2014-03-20

Time: Thursday 3rd April 2014, 13-15pm
Location: Lecture room 1, 4th floor, Kungl. Konsthögskolan 

Anthea Buys is a young South-African curator who is currently doing her PhD in art history at Colombia University in New York.

About the lecture:

The image of a house in an imagined world 

Maybe it is a good thing for us to keep a few dreams of a house we shall live in later, 
always later, so much later, in fact, that we will not have time to achieve it.” 
- Gaston Bachelard, The Poetics of Space, 61

How do we experience space when it is presented to us non-physically, in pictures, dreams and mental images? What kind of correlations exist in our sense of imagined space and of “real” space? How does art deal with these different spatial modalities? 

This presentation considers these and related questions from the starting point of two photographic images both taken in the1960s. The first is a staged photograph of a section of a model for an imaginary utopian city called “New Babylon”, a long-term project by the Dutch artist Constant Nieuwenhuys (Constant). The photograph distorts the scale of the model, which is no larger than 60cm across, giving the sense that the volumes it depicts could be physically inhabitable.

The second, taken in 1964, is one of the only images ever published of South Africa’s rural banishment camps, small prison villages used by the Apartheid government to isolate black political dissidents who were guilty of mobilizing resistance movements within peri-urban and rural black communities. The South African photographer Ernest Cole took the picture of the Frenchdale banishment camp shortly before leaving South Africa in exile for New York, and although it was published in his 1967 book House of Bondage (which was banned in South Africa until 1994), these camps remained a largely unacknowledged part of South Africa’s history until as late as 2013. 
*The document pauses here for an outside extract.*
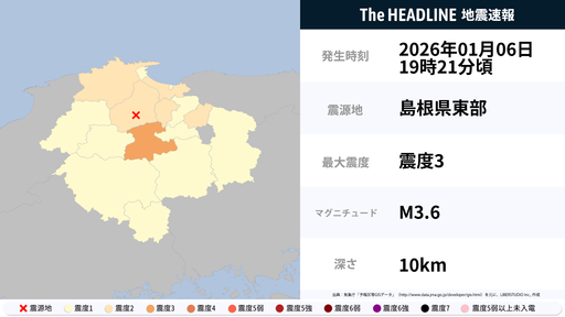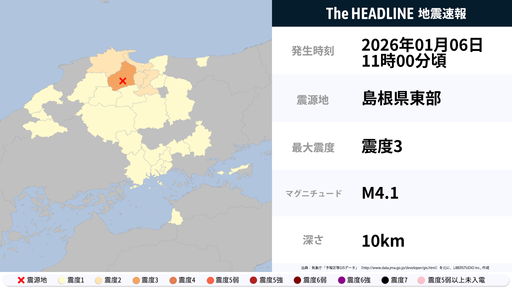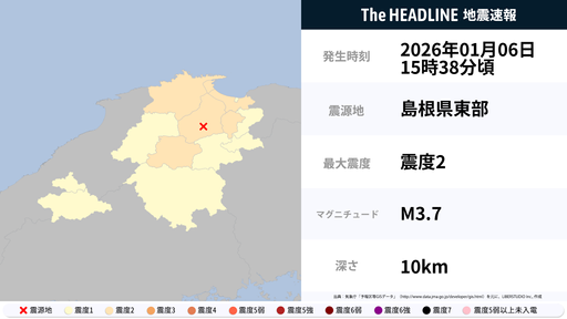 11月20日10時35分頃、島根県東部を震源とするマグニチュード2.7の地震が観測された。最大震度1を観測したのは、島根県・広島県。

In these very different images we are presented with worlds-apart, places that couldn’t be believed to exist, one because it was consigned to an irretrievable history and the other because it was projected into a fantastical future. Like a dream, Constant’s photograph coaxes the viewer to imagine his or her own body inside a changeable, sensorially environment whose qualities are manipulable and within the viewer’s own sphere of control. Cole’s photograph is comparatively inert - or it is at least supposed to be -, a document of alienation and supreme external control. But however they differ, both images claim to open transparently onto a foreign world.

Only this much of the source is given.